Someone can be a leader and a boss at the same time, but for the most part, they are one or the other. Think about the boss at your job or that friend that is the leader of the group. Do they inspire you? Do they listen to your ideas, advice and opinions or do they brush it off to the side? 

There are bosses everywhere in the world but there are very few leaders wherever you look. To be a boss, someone just manages the team that is under them and think they are the only ones that can call the shots and of course they have every right to feel that way, but to be a leader, one needs to put their pride to the side and they can achieve a whole lot more as a unit. 

When someone is a leader, they take charge of the unit that is under them, but they still listen to the people around them and take their opinions into account because numerous brains are better than one. Always willing to learn makes someone a leader as opposed to a boss who thinks they know everything and anyone under them is beneath them in the aspect of not knowing as much as them. 

There are a number of different types of leadership styles but they all go back to the same thing. They inspire people to perform better, encourage people to find the best of themselves as opposed to a boss who demands things from the people under them and blames the team for poor results instead of blaming themselves as being the leader. 

The most important part of being a leader as opposed to being a boss is that a leader will encourage you to strive for greatness and give you advice on how to do better as opposed to a boss who criticize you negatively and possibly make you feel bad about your work or how you are as a person. 

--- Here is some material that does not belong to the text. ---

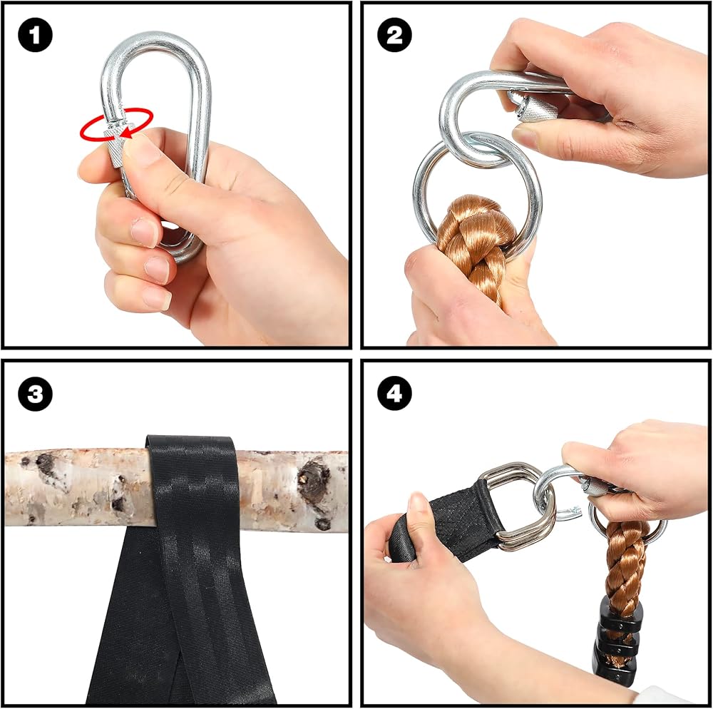Easy to Set Up: All neccessary parts included. 1 disc swing seat attached to braided rope with metal ring, 1 tree strap. You would not believe how easy the installation is.

Think about your bosses at work and ask yourself if they are a boss or a leader. Think about yourself as a person as well. Do you inspire and listen to others, trying to make them better and learn from them or do you criticize people and not listen to anyone but yourself?

“Leadership and learning are indispensable to each other” – John F. Kennedy

Brandon Blanco is a Contributor for the Unwrapped Sports Network. Follow him on Twitter @NBF_Clo.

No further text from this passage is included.